Mustang 1968 - Dick Trickle, Rei das "Short Track"


Lançado em 1964, o Mustang fazia sucesso na América, e logo em 1968, a lista de motores cresceu para um V8 Cobra Jet de 428 cid (7 litros) do Cobra roadster com 425 hp, mas amansado para 335 hp; e Carrol Shelby fez um upgrade no GT350 para um GT 500, e depois para o GT 500 KR (“King of the Road” -  Rei da Estrada); e mesmo com novos concorrentes, o GT 350 venceu novamente o Trans-Am Manufacturers Cup; além de ganhar o bi-campeonato do SCCA B-Production também pela segunda vez.

Sobre a potência do Mustang GT500 KR, muitos alegavam que o valor declarado era menor do que a real, por causa das companhias de seguro, e calculavam que ele teria cerca de 400 hp.

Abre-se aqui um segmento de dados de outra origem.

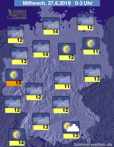 In der Nacht ist es meist klar oder hochnebelartig bewölkt, lockere Wolken, die aber keinen Regen bringen, finden sich am ehesten am Alpenrand.
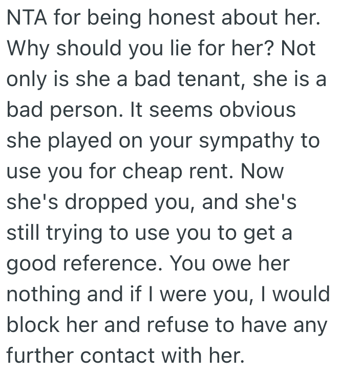 I was also honest in saying she damaged property and failed to keep her bathroom clean or contribute to cleaning communal living areas.

O KR fazia de 0-60 mph em 6,9 segundo e o quarto-de-milha em 14,6 segundos.

Mustang Shelby GT500, 1968

Com o sucesso do Camaro Z/28 na categoria de 5,0 L na Série Trans-Am da SCCA desde 1967, e o Mustang com o motor Small-Block de 289 cid (4,7 L) e o de 390 cid (6,4 L) não se mostravam à altura dos carros da Chevrolet nas classes acima de 2,0 L (Trans-Am) e até 7,0 litros (NASCAR). Então, a Ford respondeu com o Mustang Boss em 1969 e 1970, equipado com o motor de 302 cid (4,9 L) e o Big-Block de 429 cid (7,0 L).

O V8 de 302 cid que equipava os Mustang Boss era bem diferente dos 302 padrões de linha. O small-block tinha paredes entre os cilindros mais fina e o bloco com muito mais teor de níquel. O motor V8 de 302 cid (4,9 litros) gerava 290 hp, e eliminou os anteriores 289 cid a partir de dezembro de 1967. O virabrequim era roletado de quatro mancais, cabeçotes com válvulas inclinadas, que podiam ser maiores do que as utilizadas no 351 Cleveland.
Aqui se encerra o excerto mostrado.